Genevieve: Initially, we were able to track the budget effectively with itemized invoices. However, when we approached the established limit amount, we quickly realized that we were very far from having a finished mezzanine. We had four walls and a rough floor, basic plumbing… but nothing electrically and, above all, no insulation, exterior cladding or roofing. So the building envelope was not protected. Looking more closely at the invoices, we realized that we had big discrepancies in the expected labor time for the different tasks. We also had extras for the return of over-ordered materials, equipment installed more expensively or in greater numbers than necessary, tasks on our invoices when they should have been part of the subcontractors’ invoices, etc. Then, a systematic delay in invoices made the project more difficult to monitor. We were in the unknown.

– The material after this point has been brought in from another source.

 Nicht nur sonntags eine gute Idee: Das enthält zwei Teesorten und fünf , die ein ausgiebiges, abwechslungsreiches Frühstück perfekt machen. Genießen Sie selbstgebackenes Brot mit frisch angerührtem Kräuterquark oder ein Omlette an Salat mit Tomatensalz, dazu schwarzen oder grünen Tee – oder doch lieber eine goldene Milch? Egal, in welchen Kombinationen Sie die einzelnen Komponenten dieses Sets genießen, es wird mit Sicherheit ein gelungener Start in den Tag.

Natacha Boivin: The client’s right to unilateral termination, provided for in the Civil Code of Quebec, may be exercised at any time, by notifying the contractor in writing of its decision and summoning the contractor to release the site and provide final billing for work performed up to the date of termination. Unless there is a clause in the works contract providing for a penalty in the event of termination, the contractor can generally only claim payment for work carried out or materials ordered to measure, but not yet installed and impossible to return. He cannot claim the loss of profit.
The client should obtain an expertise (architect, technologist, engineer, depending on the nature of the work) on the quality of the work performed and its value, before entrusting the rest of the work to a third party. If corrective work is required or overbilling is demonstrated, the client must give the contractor formal notice to correct the work and issue a credit for the overbilling, failing which he will have the work corrected by a third party. The formal notice is mandatory to exercise any recourse in the event of a disagreement.

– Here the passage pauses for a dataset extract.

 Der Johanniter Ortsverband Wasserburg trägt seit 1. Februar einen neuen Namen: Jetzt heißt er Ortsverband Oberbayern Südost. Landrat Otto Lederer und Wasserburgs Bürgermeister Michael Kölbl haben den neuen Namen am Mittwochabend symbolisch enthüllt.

Geneviève: To stem the bleeding from our bank account, we had to end the work before the end. But the essentials had to be finished, including insulating for the winter, even if the mezzanine was not livable. Then, we only asked for one worker to finish the necessary work with us. But that was not enough to combat the forgotten invoices suddenly found and the invoices estimated without justification. It was apparently difficult to assess since the work had stopped before the end. Then came the end-of-contract extras, such as cleaning, which was not done. Finally, we had leaks with each rain until we brought in another roofer at our expense…
Geneviève: First of all, we would clearly wait for more funds. I think that before embarking on a big project, everyone should not only have the funds available for their project, but also a little more so that they can call on legal counsel if things go wrong. Then, we would have accepted the project follow-up proposed by our architect. After analysis, several things did not follow our architect’s plans and partly explain the overrun in labor time to redo everything, i.e. almost $60,000.
Finally, work is now progressing slowly but surely. And failing to go on vacation for lack of money, the couple discovered new skills in construction by finishing their project themselves!